Dear friends,
I hope you are enjoying your stay on the blue planet. We have traveled about 175 million miles around the Sun since my last newsletter and I am eager to share our news with you. The manuscript that UCLA graduate student Paul Pinchuk submitted to the Astronomical Journal is now published. Paul gave an excellent presentation about the results described in this article at the January 2019 meeting of the American Astronomical Society (AAS) in Seattle, WA. I gave a talk in the same session and described the difficulty of establishing meaningful upper limits on the prevalence of transmitters in the Galaxy. If the SETI detection algorithms were perfect, we could perhaps attempt to quantify how many transmitters are out there on the basis of the fraction of the search volume that we sample in any given search. However, most detection algorithms inadvertently eliminate some of the very signals that could reveal extraterrestrial transmissions, making the upper limit calculation unreliable. We are working on minimizing this problem with better algorithms and simulations.
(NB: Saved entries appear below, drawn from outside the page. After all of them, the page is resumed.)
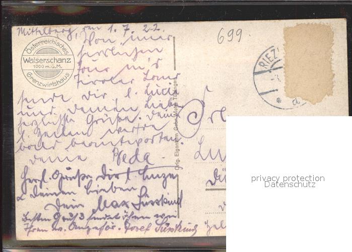 71541147 alte Postkarte Riezlern Kleinwalsertal Vorarlberg oesterreichisches Grenzwirtshaus Walserschanz postalisch gelaufen Erhaltung siehe scans KatCode: 11390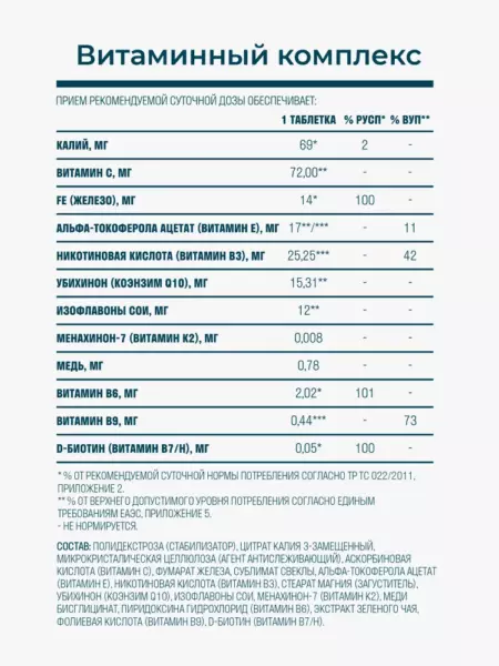 помогает поддерживать активный образ жизни, улучшает внешний вид и повышает уровень энергии. Его удобно принимать ежедневно — витаминный комплекс для женщин легко вписывается в повседневную рутину. Заботьтесь о себе, дарите организму необходимое и ощущайте баланс изнутри.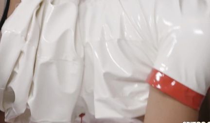 Шаловливая медсестричка в чулках осматривает крепкий член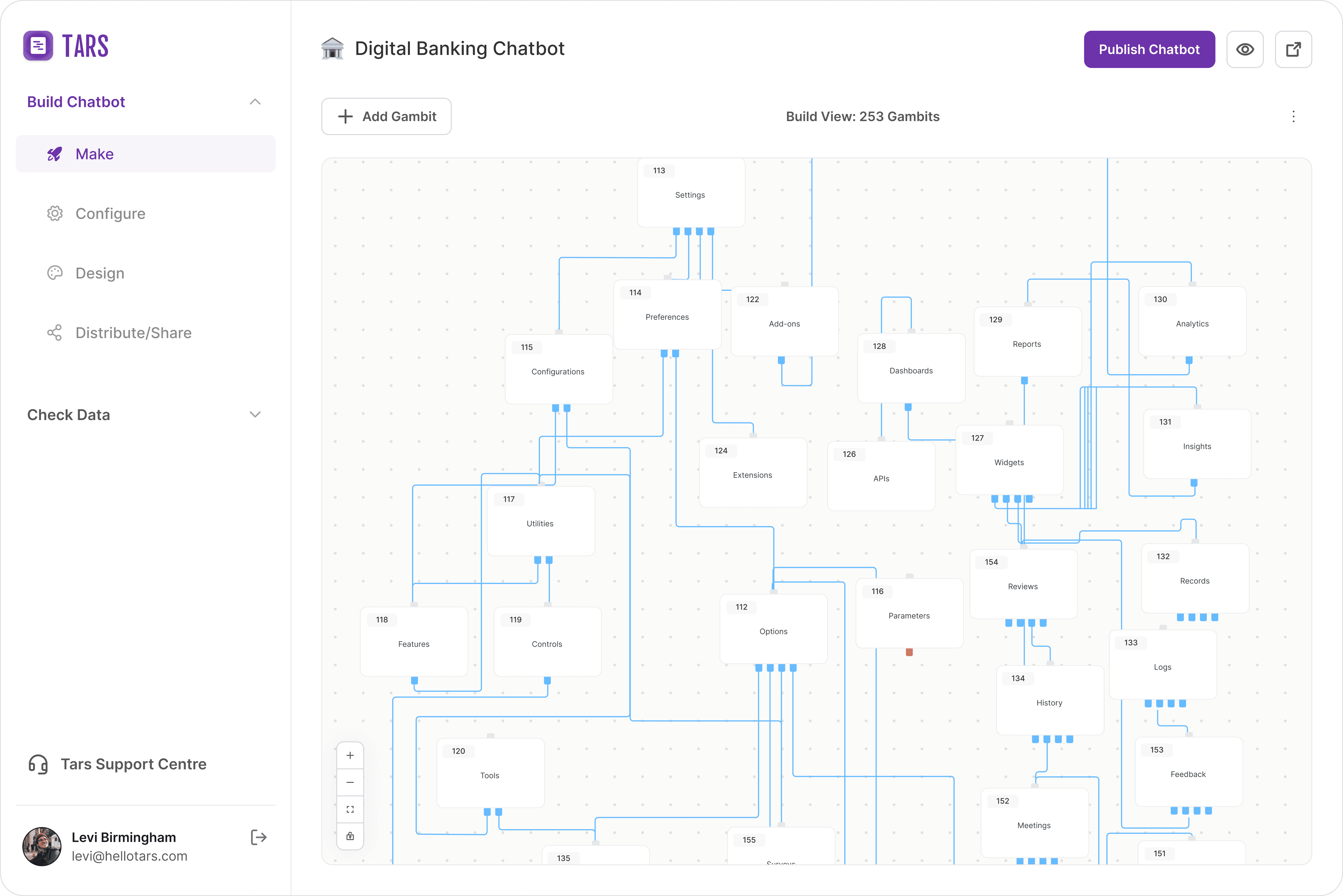 Tars is a bootstrapped B2B startup building enterprise AI Agents for clients across banking, insurance and healthcare. The product is a visual builder, think of it as a flowchart editor where each node is a single conversational turn. Tars calls these nodes gambits.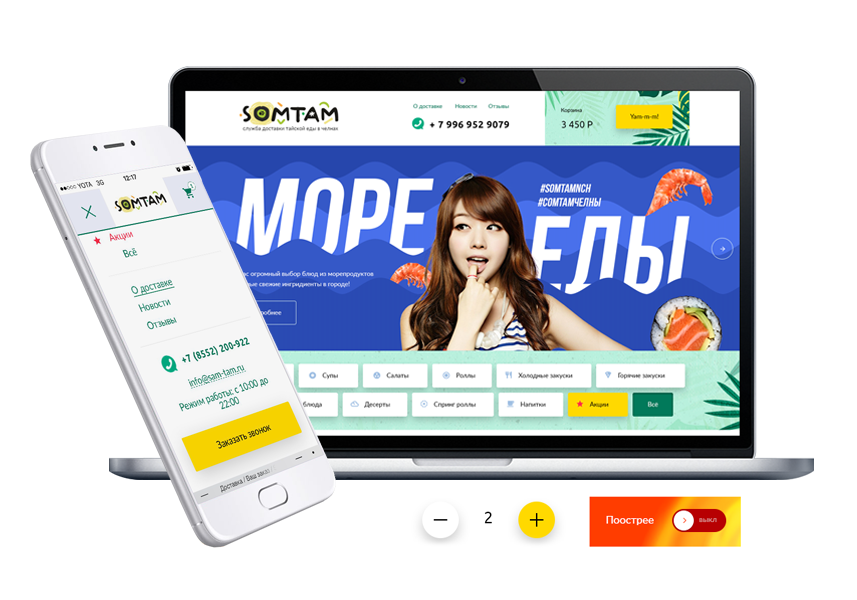 Создание сайта. Вдохновившись тайской кухней клиента и воспоминаниями об отпуске (а дело было зимой), мы очень захотели добавить ярких тропических акцентов на сайт. Основная цветовая гамма — солнце, пальмовые листья и море и песок.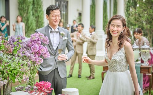 青空の下、肩肘張らない開放的な空間でのパーティはおふたりの緊張もほぐれ、自然とゲストとの会話も弾みます。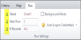 To lock the specified Sheet, Start Row, or # Records setting so that it cannot be changed by a runner, click the padlock icon that is to the left.

At the AAS meeting, we met with other technosignature experts to discuss the white papers that were being prepared for the Astro 2020 decadal survey organized by the National Academy of Sciences. Our paper titled "The radio search for technosignatures in the decade 2020-2030" (with Steve Croft, Joe Lazio, Jill Tarter, and Eric Korpela) is now available online. Our paper describes the scientific context and importance of the search, four advantages that radio searches provide compared to the well-funded searches for biosignatures, the fraction of the search volume that has been sampled to date (roughly a bathtub's worth of water out of the Earth's oceans), opportunities for increasing the sampled fraction in the 2020-2030 decade, and the hardware, software, and human resources necessary to enable the search. We hope that the Astro 2020 decadal survey committee will read the paper with interest and extract some of the key messages for its final recommendations.